*** Opening of DATA PROVIDED ***
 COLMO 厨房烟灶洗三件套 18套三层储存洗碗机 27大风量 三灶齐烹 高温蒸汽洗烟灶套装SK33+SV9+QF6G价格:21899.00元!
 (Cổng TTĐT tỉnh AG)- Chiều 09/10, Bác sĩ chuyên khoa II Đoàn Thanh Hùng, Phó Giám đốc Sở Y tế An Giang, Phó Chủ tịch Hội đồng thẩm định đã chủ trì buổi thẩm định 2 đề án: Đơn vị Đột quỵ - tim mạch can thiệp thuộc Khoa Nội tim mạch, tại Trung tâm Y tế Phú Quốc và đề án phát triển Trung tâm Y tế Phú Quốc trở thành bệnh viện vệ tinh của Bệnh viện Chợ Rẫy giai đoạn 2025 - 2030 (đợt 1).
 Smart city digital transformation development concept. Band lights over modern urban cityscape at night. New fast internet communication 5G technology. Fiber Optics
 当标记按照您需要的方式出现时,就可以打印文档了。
*** Close of DATA PROVIDED ***
*** Opening of DATA PROVIDED ***
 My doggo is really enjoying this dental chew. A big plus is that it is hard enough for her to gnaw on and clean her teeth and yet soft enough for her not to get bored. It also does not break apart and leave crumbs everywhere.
*** Close of DATA PROVIDED ***
WORK INSTRUCTIONS
Repeat word for word the lines above that run from the line containing "COLMO 厨房烟灶洗三件套 18套三层储存洗碗机" through the line containing "当标记按照您需要的方式出现时,就可以打印文档了。", both ends included, and nothing else.

TASK SOLUTION
 COLMO 厨房烟灶洗三件套 18套三层储存洗碗机 27大风量 三灶齐烹 高温蒸汽洗烟灶套装SK33+SV9+QF6G价格:21899.00元!
 (Cổng TTĐT tỉnh AG)- Chiều 09/10, Bác sĩ chuyên khoa II Đoàn Thanh Hùng, Phó Giám đốc Sở Y tế An Giang, Phó Chủ tịch Hội đồng thẩm định đã chủ trì buổi thẩm định 2 đề án: Đơn vị Đột quỵ - tim mạch can thiệp thuộc Khoa Nội tim mạch, tại Trung tâm Y tế Phú Quốc và đề án phát triển Trung tâm Y tế Phú Quốc trở thành bệnh viện vệ tinh của Bệnh viện Chợ Rẫy giai đoạn 2025 - 2030 (đợt 1).
 Smart city digital transformation development concept. Band lights over modern urban cityscape at night. New fast internet communication 5G technology. Fiber Optics
 当标记按照您需要的方式出现时,就可以打印文档了。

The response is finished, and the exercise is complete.